## Work request:
Exactly the lines below starting at the line with "Кроме того, в" and ending at the line with "Jin Jin Sushi" are wanted, with both ends included. Leave out the pictures and add no other lines.

## Dataset content:
━━━━━━━━
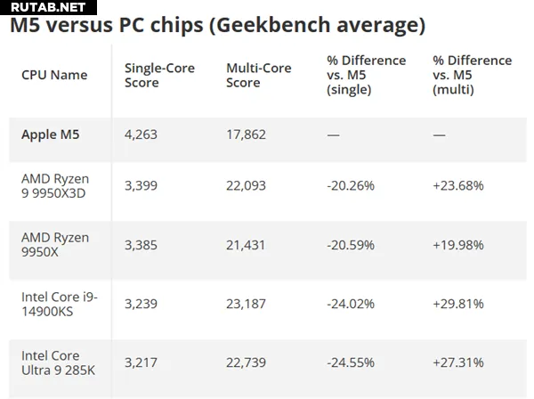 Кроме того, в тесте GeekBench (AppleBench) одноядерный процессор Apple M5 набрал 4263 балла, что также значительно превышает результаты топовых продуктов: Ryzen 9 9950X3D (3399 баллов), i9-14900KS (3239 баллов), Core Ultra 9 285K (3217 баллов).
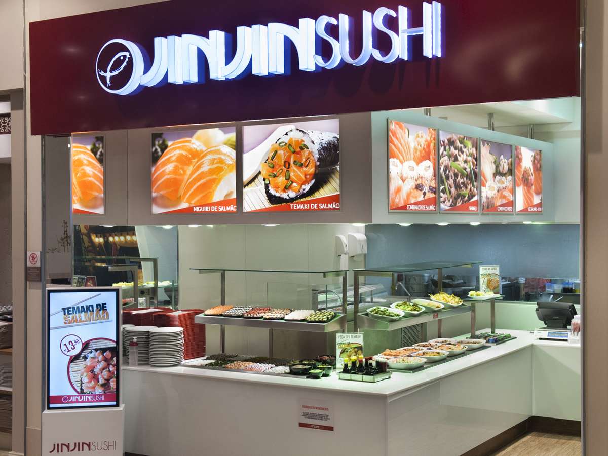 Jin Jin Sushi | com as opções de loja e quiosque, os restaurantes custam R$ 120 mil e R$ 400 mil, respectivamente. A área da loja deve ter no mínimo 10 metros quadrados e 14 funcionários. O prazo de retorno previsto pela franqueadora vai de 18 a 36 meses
━━━━━━━━
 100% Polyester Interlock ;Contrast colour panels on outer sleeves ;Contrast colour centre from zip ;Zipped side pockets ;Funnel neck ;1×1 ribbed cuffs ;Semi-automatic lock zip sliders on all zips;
━━━━━━━━
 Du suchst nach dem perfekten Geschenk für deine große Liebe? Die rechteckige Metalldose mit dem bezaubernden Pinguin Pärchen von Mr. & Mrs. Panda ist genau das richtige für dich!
━━━━━━━━
## Result of this task:
 Кроме того, в тесте GeekBench (AppleBench) одноядерный процессор Apple M5 набрал 4263 балла, что также значительно превышает результаты топовых продуктов: Ryzen 9 9950X3D (3399 баллов), i9-14900KS (3239 баллов), Core Ultra 9 285K (3217 баллов).
 Jin Jin Sushi | com as opções de loja e quiosque, os restaurantes custam R$ 120 mil e R$ 400 mil, respectivamente. A área da loja deve ter no mínimo 10 metros quadrados e 14 funcionários. O prazo de retorno previsto pela franqueadora vai de 18 a 36 meses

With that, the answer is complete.